After 24 hours of continued searches had failed to locate Megan, Timmendequas allegedly confessed and led police to Megan's body. Megan was found dumped in some weeds at a nearby county park.

Prosecutors alleged that Timmendequas lured Megan into his home by telling her she could see his puppy dog. The state contended that Timmendequas raped Megan and strangled her after placing two plastic bags over her head. Timmendequas gratuitously killed Megan, according to the state, to prevent her from being a witness to the assault.

The prosecution said that Timmendequas carried Megan's body out of the house in a toy box and dumped it in the county park. He then allegedly tried to cover up the crime by using ammonia to wash down his steps, the toy box and his truck.

Jesse Timmendequas
The Defendant
Timmendequas has two prior sex convictions. In 1979, Timmendequas pled guilty to attempted aggravated sexual assault in connection with the attack of a 5-year-old girl in Piscataway, New Jersey. He was given a suspended sentence on the condition that he go obtain counseling. Court records showed that Timmendequas did not live up to those terms, and he served nine months in Middlesex Adult Correctional Center.

In 1981, Timmendequas was arrested in another incident involving the assault of a 7-year-old girl. He eventually pled guilty to attempted sexual contact and to attempting to cause serious bodily injury in connection with the assault. Timmendequas spent six years at Avenel. When released, he moved into the Hamilton Township house, owned by roommate Joseph Cifelli's mother, where he allegedly murdered Megan.

Megan's Law

After the murder of their daughter, the Kankas began spearheading a campaign to enact legislation, modeled after similar laws in Oregon, providing for police registration and community notification when sex offenders are released into a particular neighborhood.

The New Jersey law identifies convicted sex offenders according to "risk." If the offender is "low risk," only police must be notified of where that person lives. If the offender is deemed a "medium risk," then schools and day care centers must be notified of that person's presence in the community. If the offender is deemed "high risk," anyone the offender is likely to encounter must be notified.

In New Jersey, "risk" is determined by considering the number of offenses, whether a weapon was used, age of the victim, whether the offender had therapy and if so, whether therapy had succeeded.

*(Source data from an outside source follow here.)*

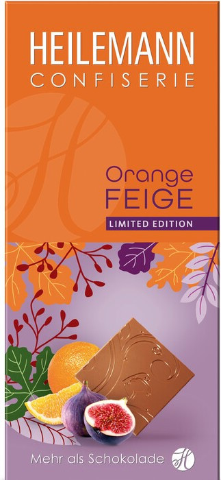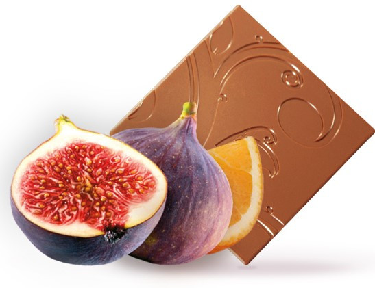 Složení: cukr, kakaové máslo, kakaová hmota, SUŠENÉ PLNOTUČNÉ MLÉKO, sušený fíkový prášek (2 %), pomerančový granulát (0,6 %) (pomerančová dužina, jablka, ananasová vláknina, okyselující prostředek: kyselina citronová; želírující látka: alginát sodný; stabilizátor: vápník fosfát), emulgátor: lecitin (SÓJA); přírodní vanilkové aroma, přírodní pomerančové aroma (<0,01%).
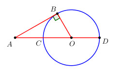 Từ một điểm A ở bên ngoài đường tròn (O) ta vẽ tiếp tuyến AB và cát tuyến ACD đi qua tâm O (C nằm giữa A và D). Giả sử số đo của cung nhỏ BC bằng \({50^o}\) , hãy tính số đo góc A.
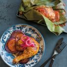 To serve, remove the foil and place each banana-leaf packet on an individual plate. Open the packets and top each portion with 1/4 cup of the pickled onions. (Save the rest of the onions for another use.) Serve immediately. Serves 4.
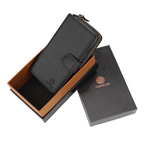Top4cus - Custodia a portafoglio in pelle sintetica, con 11 scomparti per carte di credito, con chiusura magnetica e specchio per iPhone, Nero, iphone 7plus
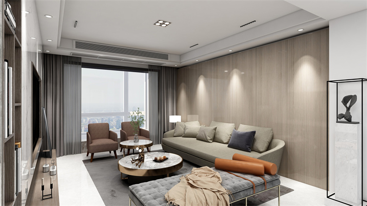 木質的沙發背景墻給人以溫厚舒適的自然問西崗,搭配上淺色沙發,營造清新優雅之美。
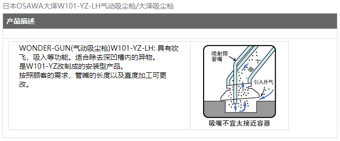 > 日本OSAWA大泽W101-YZ-LH气动吸尘枪
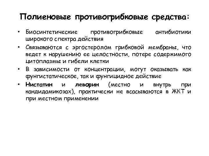 Полиеновые противогрибковые средства: • Биосинтетические противогрибковые антибиотики широкого спектра действия • Связываются с эргостеролом грибковой мембраны, что ведет к нарушению ее целостности, потере содержимого цитоплазмы и гибели клетки • В зависимости от концентрации, могут оказывать как фунгистатическое, так и фунгицидное действие • Нистатин и леворин (местно и внутрь при кандидамикозах), практически не всасываются в ЖКТ и при местном применении

The New Jersey state Supreme Court upheld Megan's Law in 1995. Challenges to the law at the federal level have been mixed. In April 1996, the U.S. Third Circuit of Appeals upheld the registration aspect of the law, but declined to decide whether the notification or classification procedures were constitutional or not, because the case had a sparse factual record.

In another 1996 case, a U.S. District Court in New Jersey ruled that community notification for sex offenders who have served their sentences violates constitutional guarantees against ex post facto punishment.

Federal Law

The Jacob Wetterling Crimes Against Children Law was passed in May, 1996. The law was the first part of the federal version of "Megan's Law." On Sept. 13, 1996, the "Megan's Law" notification part of the legislation was passed. It gives states until Sept. 1997 to pass versions of "Megan's Law" or lose federal aid.

At least 47 states plus the District of Columbia have already passed legislation that requires registration of convicted sex offenders and some form of notification. Under the federal law it is up to the states to decide the risk level of an offender and what kind of community notification should be used.

Under judge's orders, Court TV was allowed to tape opening statements, closing statements and the verdict in the trial.


On May 30, 1997, the jury returned a verdict of guilty on all counts of murder including capital murder, kidnapping and aggravated sexual assault.

Timmendequas faces the death penalty or a minimum of 30 years in prison. The arguments during the penalty phase are tentatively set to begin on June 9, 1997.

The defense is expected to present evidence that Timmendequas was physically and sexually abused as a child and has suffered psychological damage as a result.